Study: Big earthquake could severely damage San Francisco’s waterfront


SAN FRANCISCO (KRON) — There is growing evidence that a big earthquake could severely damage San Francisco’s waterfront.

Now, a new study claims the city’s aging seawall is in need of an upgrade.

From AT&T Park to Fisherman’s Wharf, San Francisco’s Embarcadero is a scenic and popular spot with locals and tourists alike. But this entire stretch of waterfront rests on top of mud and a nearly 100-year-old seawall that also sits on mud.

The seawall has a pyramid shape that runs the length of the Embarcadero, and it’s made up of rocks that were dumped into the Bay starting in the 19th century.

In a new report, commissioned by the Port of San Francisco, engineers studied the seawall. Their conclusion is that during a moderate-to-large earthquake, the wall could move several feet outward towards the Bay.

They said the seawall probably won’t fail, but that movement could result in severe damage to the Embarcadero and the buildings that sit on it, and also large parts of the Financial District.

“The study is really a call to action that we need to make an investment in our seawall,” Interim Executive Director of the Port of San Francisco Elaine Forbes said. “It’s time to shore it up, so that in a big earthquake, the Embarcadero is in good shape and can be an area of response in an emergency.”

On Tuesday, the study was presented to the port commission.
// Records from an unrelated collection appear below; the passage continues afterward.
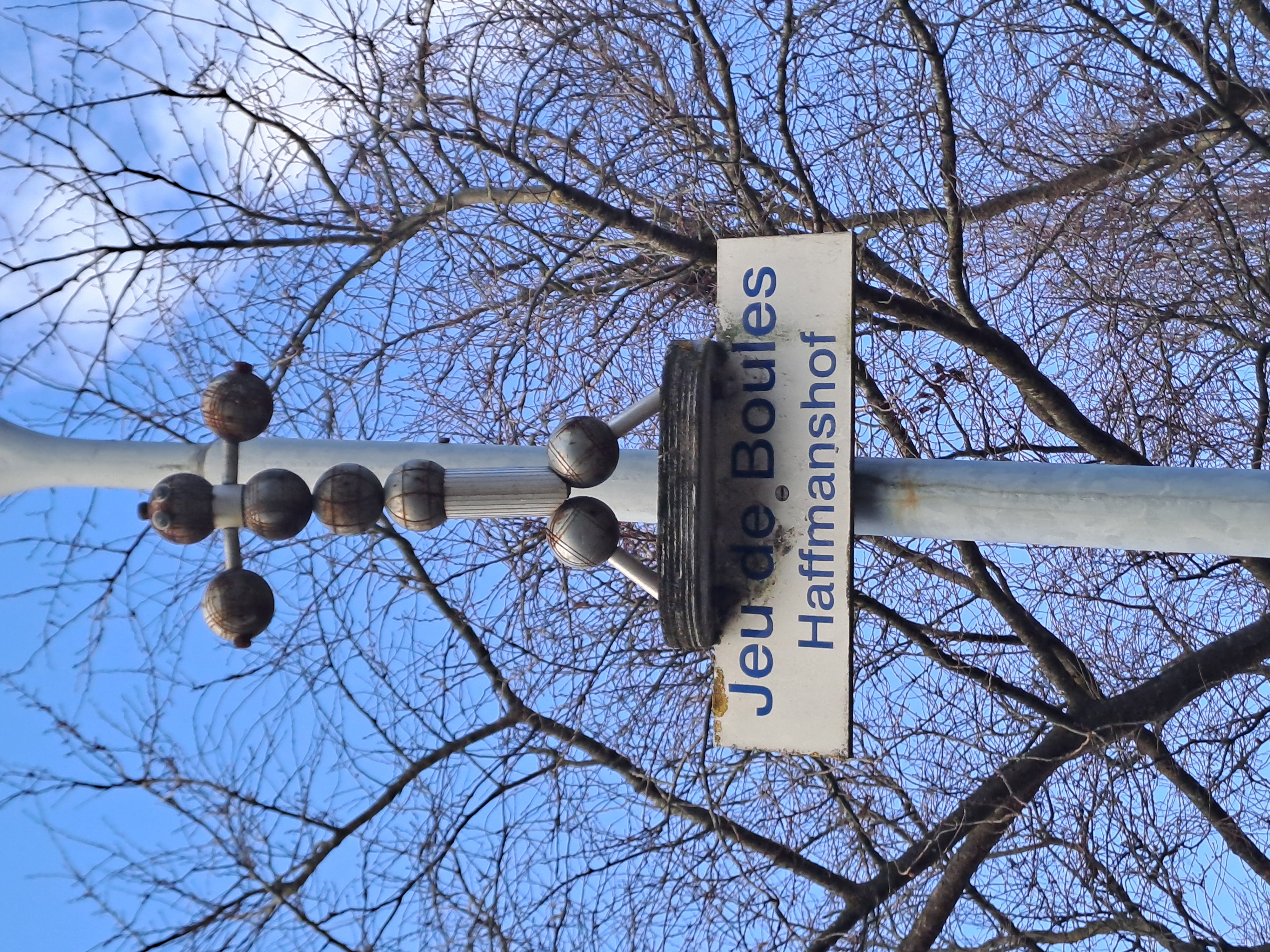 Het "kunstwerk" van de jeu des boules baan (zie foto) heeft dringend een opknapbeurt nodig.
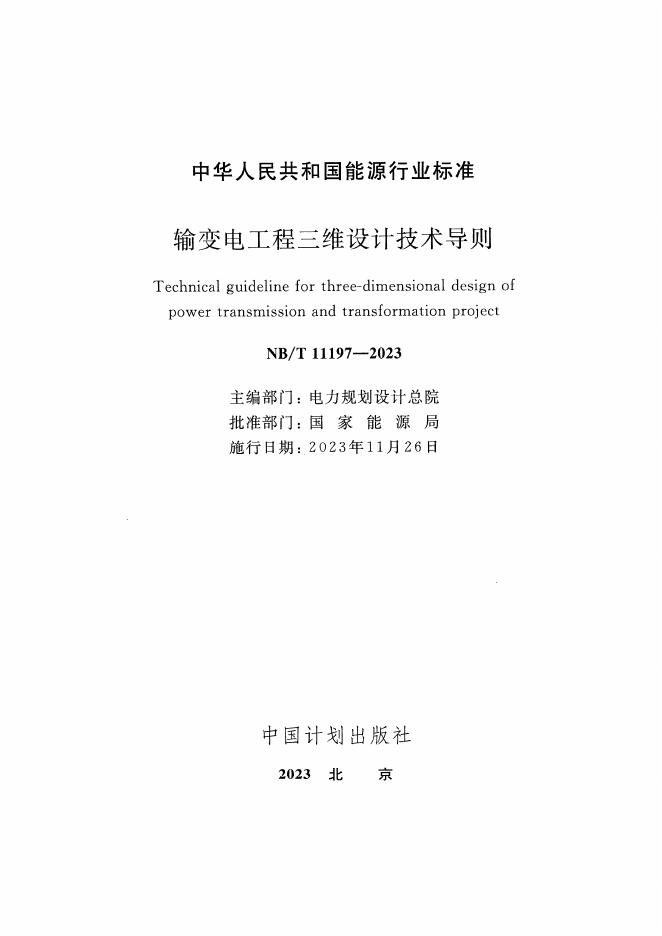 NB/T 11197-2023 输变电工程三维设计技术导则(附条文说明)
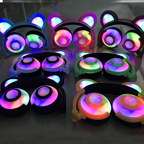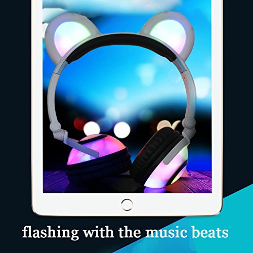 - ♫ 2017 HOT VERSION: Cute bear ear headphones,newest and best selling foldable headband computer headphone with soft headband. LED flash light up to 30+ hours. Adjustable Headband to fit different sized heads. Excellent sound quality with super bass stereo. Over-the-ear cushioning for noise reduction and a secure fit. On/Off switch located behind right “Bear ear”,right modes: on,blinking and off.
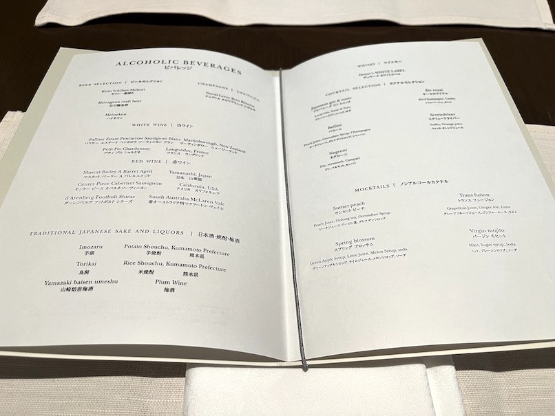 こちらはドリンクメニューです。左手にはシャンパン、ビール、赤ワイン、白ワイン、日本酒が記載されています。シャンパンこそ1種類ですが、それ以外はどれぞれ3種類ずつ用意されています。
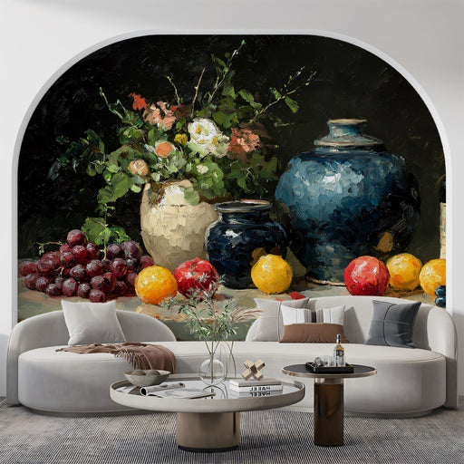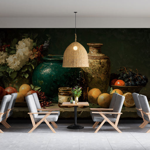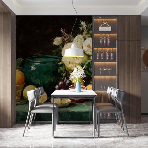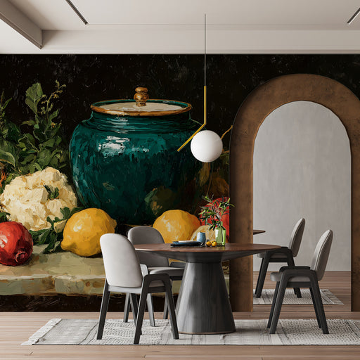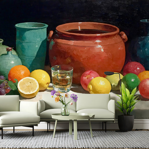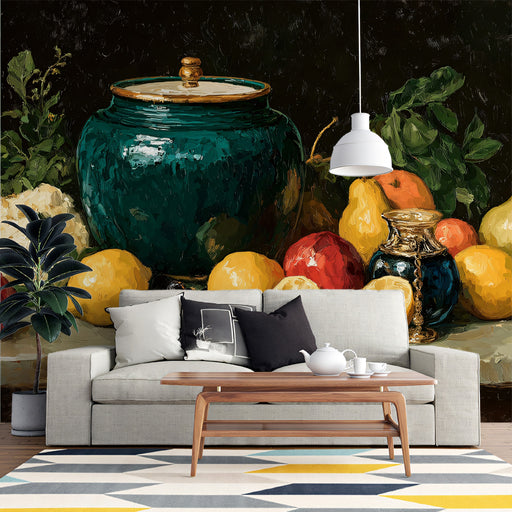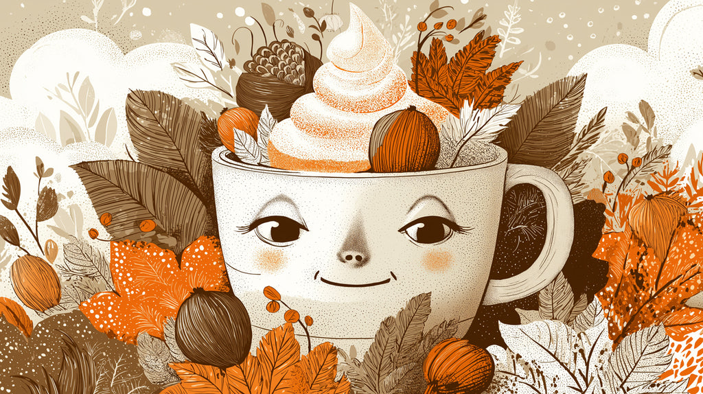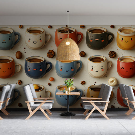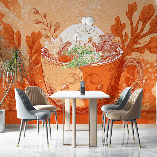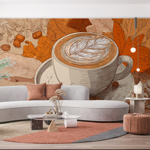 Apportez une touche de sourire à votre espace avec ce papier peint irrésistiblement charmant, mettant en vedette un adorable personnage en forme de tasse souriante remplie d'une généreuse spirale de crème fouettée et décorée de noix et de feuilles automnales. La tasse, avec ses joues rosées et son expression joyeuse, est nichée au milieu d'un luxuriant ensemble de feuillages stylisés aux tons riches d'orange, de brun et de crème. L'arrière-plan est une texture douce et crémeuse, rehaussant l'ambiance chaleureuse et fantaisiste. Cette illustration évoque un sentiment de joie, de confort et de l'esprit délicieux des boissons automnales, idéale pour créer une atmosphère chaleureuse et accueillante dans un salon, les chambres d'enfants, ou tout autre espace qui aime les personnages mignons et le charme saisonnier.
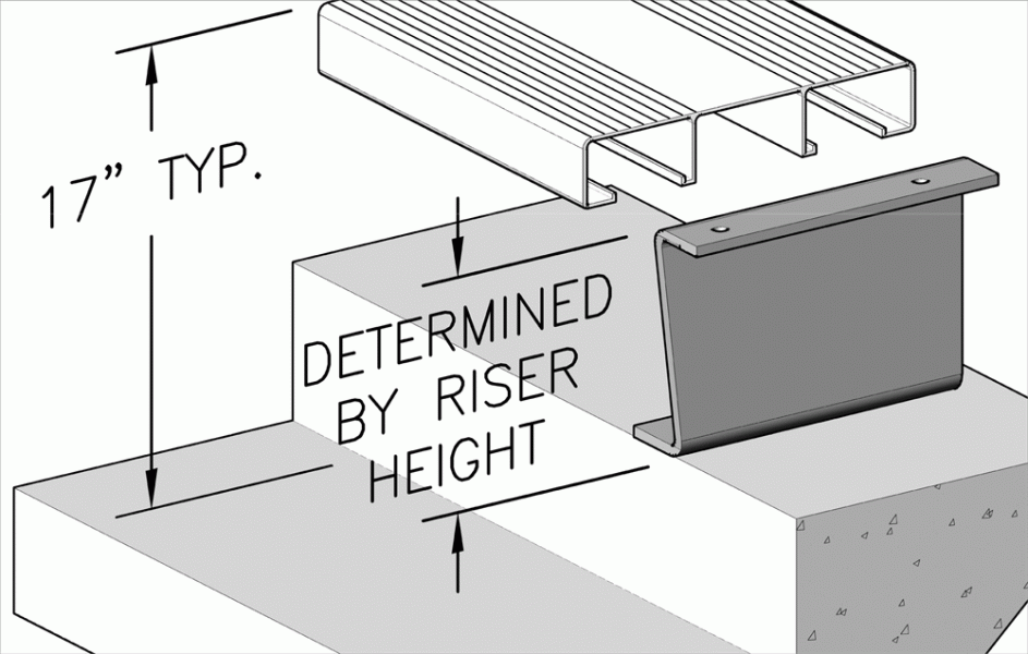 Z Bracket attached to cemenbt stair style bleachers systems to anchor aluminum seat planking.
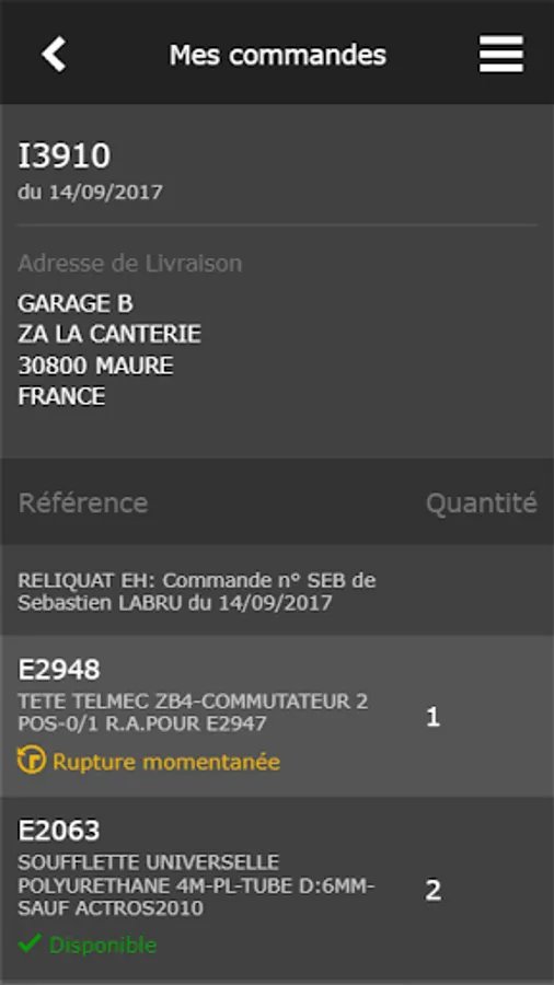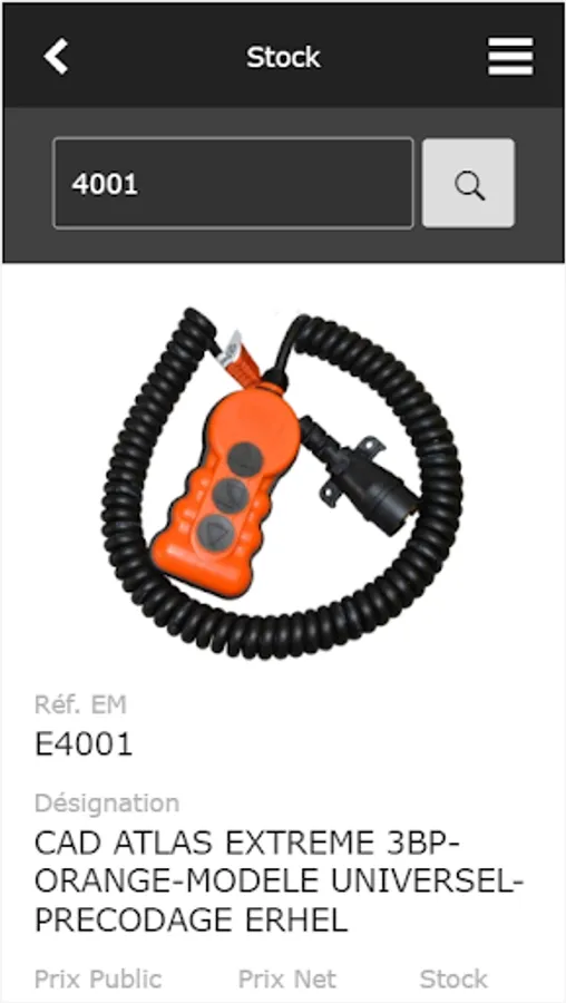 - The state of the stock of a product by its EM reference or its OEM reference.
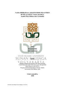 Dita Kafaabillah, NIM.: 1620511018 (2019) NAMA BERBAHASA ARAB PONDOK PESANTREN DI WILAYAH D.I. YOGYAKARTA: ANALISIS RASA BAHASA DAN GRAMATIKA. Masters thesis, UIN SUNAN KALIJAGA YOGYAKARTA.
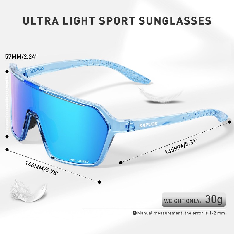 - 【POLARIZED SPORTS GLASSES】Polarized lenses can filter reflected light, especially from water surfaces, blocking the glare caused by scattering, refraction, and reflection. These sunglasses protect your eyes from harsh rays that cause eye fatigue, provide comfortable vision, and enhance the sharpness of objects.
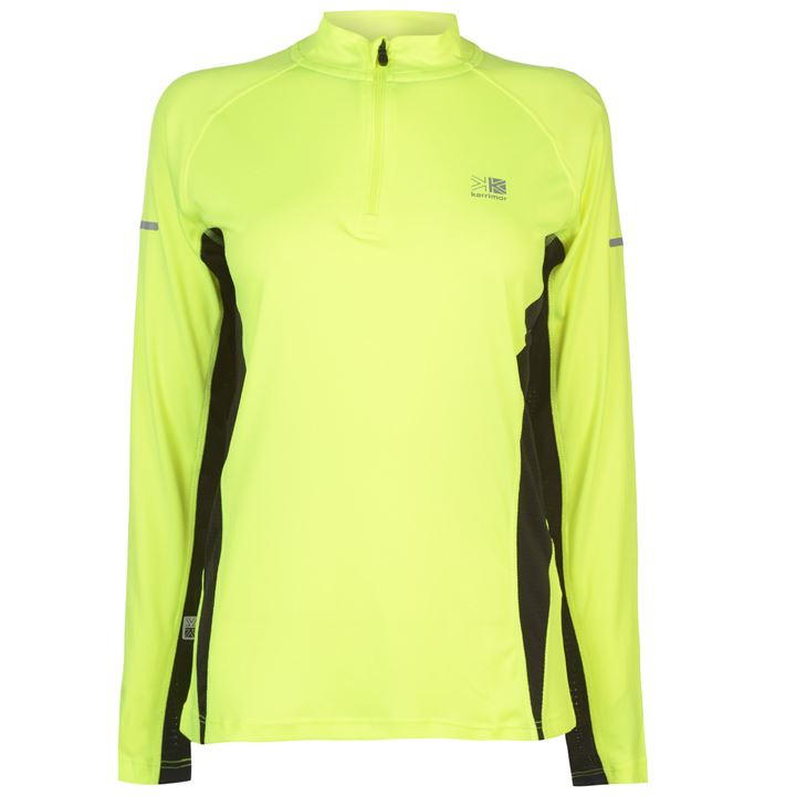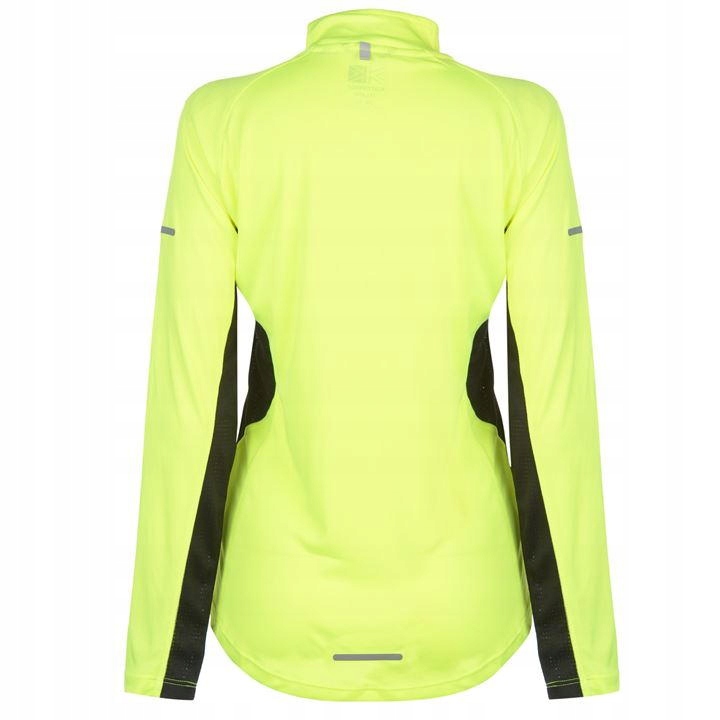 Спортивна футболка з довгими рукавами RUN Karrimor Tee. Комір-стійка. Футболка застібається на блискавку 1/4 на горловині та закінчується підборіддям, що запобігає подряпинам. Повітряна тканина (сітчасті панелі) використовується під пахвами для підвищення комфорту та свободи під час тренувань. Панелі контрастного чорного кольору. Для підвищення безпеки під час використання на футболці є світловідбивачі. Спинка трохи довша за перед. Легкий матеріал, з якого він виготовлений, має дихаючі властивості та швидко сохне. Футболка має плоскі шви і рекомендована для всіх видів спорту. Підписано логотипом компанії.
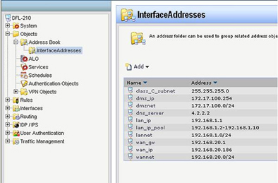 Шаг 2: Нажмите на знак «+» рядом с папкой Objects, выберите Address Book, а затем Interface Addresses.
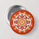 Button in a batik textured mandala / medallion pattern in shades of terracotta, cream and deep rust red
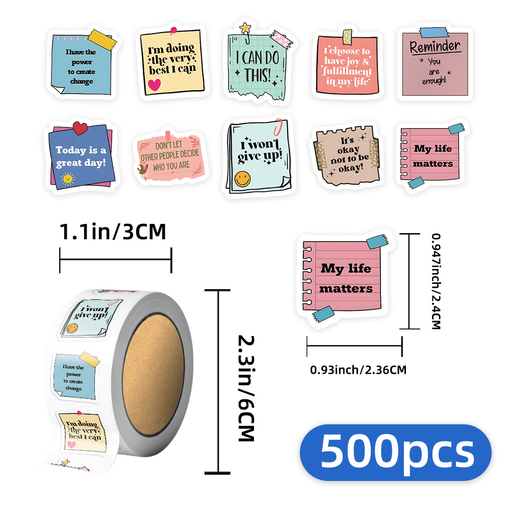 1卷/500张自我肯定励志标签卷卷贴手账本信封水杯封口贴装饰贴画
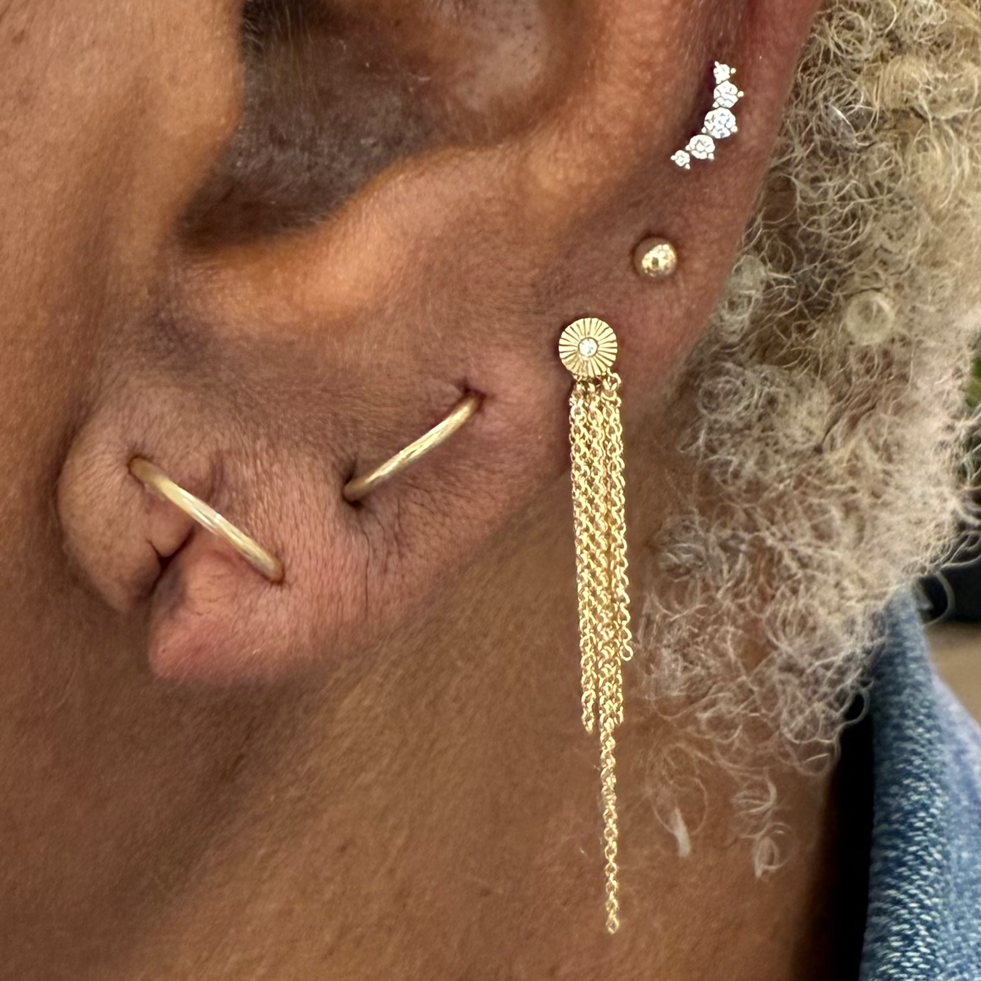 New in from Tether! The Tidefall charm is a literal waterfall of gold chains to dangle from your piercings.
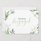 Make your engagement announcement truly special with our Green Leaves Engaged Announcement Party Card. The elegant watercolor-style green foliage, complemented by a tasteful gold/copper border, exudes a sense of natural beauty and sophistication. It's the perfect way to share your joy and excitement with loved ones.

Forbes said that they are working on a plan to improve the seawall.

Possible options include drilling through the wall and injecting cement into the mud below to stabilize the ground, or they could strengthen the wall itself with concrete and bulkheads.

Forbes said the work would probably be done in stages, rather than all at once, and as you can probably guess, it won’t be cheap or quick.

“We’ve estimated between $2 billion to $3 billion and up to $5 billion if we are also addressing sea level rise, and…we would like to see major investment in the seawall in the next eight-to-10 year period,” Forbes said.